Visitors also get two chances to add their own loved-and-departed heroes and heroines to the installation. They can memorialize someone now gone by writing the name on a leaf to add to the lollipop trees on the wall, or they can drop a memorial memento in the one open glass jar in the minyan group. While the trees of life and the leaves are literal, taken straight from Jewish memorial observance and tradition, the glass jar is personal and adds an African touch as well as a time-capsule optimism that matches the superheroes on the floor above.
The memorial portrait of Rebecca Westcott (our appreciation/obituary of Westcott can be found here ), is a wall of framed clouds against blue skies, with a flower still asserting its presence in the world. It borrows from Westcott’s own imagery and dominates the nearby 16-foot totem pole of men and women standing on eachother’s shoulders, which becomes a timeline in space(left, “A Flower in the Clouds” detail).
Spector, whose Spector Gallery showed Westcott’s work, makes a powerful statement for a broad definition of family.
In some ways Spector’s installation is so simple. In other ways it’s pure magic.
Also at the Bride…
![Life cycles 5 jacobsbluesky](https://www.theartblog.org/wp-content/uploaded/jacobsbluesky.jpg)
I especially enjoyed the paintings by Hedwige Jacobs, whose paintings of an overcrowded world with people coming and going serve as reminders that art can pack a complex message with economy of means.

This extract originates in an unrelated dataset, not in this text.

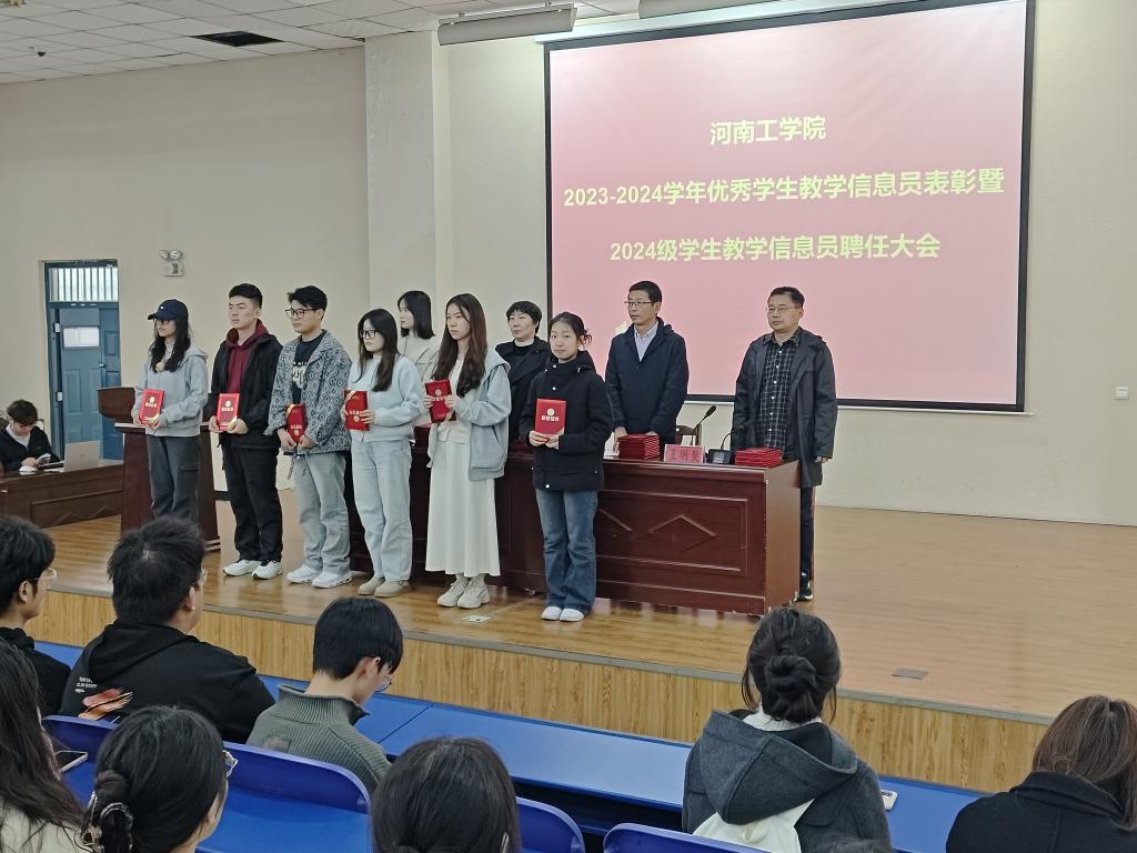 大会在国歌声中拉开序幕。会上,杨保海宣读了《关于表彰2023-2024学年河南工学院优秀学生教学信息员的决定》,王明斐宣读了《关于聘任2024级学生教学信息员的决定》。与会老师为荣获“优秀学生教学信息员”荣誉称号的90名学生颁发了荣誉证书,2024级学生教学信息员领取了聘任证书。

Jacobs’ work also talks to Spector’s in the main galleries, with its concerns about life and death (right, “Blue Sky,” acrylic and pencil on panel).
![Life cycles 6 gontarekriver](https://www.theartblog.org/wp-content/uploaded/gontarekriver.jpg)
![Life cycles 7 mcmahonspectoraflowerintheclouds](https://www.theartblog.org/wp-content/uploaded/mcmahonspectoraflowerintheclouds.jpg)
Also encaustic, acrylic and paper work from Libby Saylor (hey, that’s my name, not hers), includes what I took as a salute to Bonnard, the nude replaced by her fashion statement (left, “Bathtub”).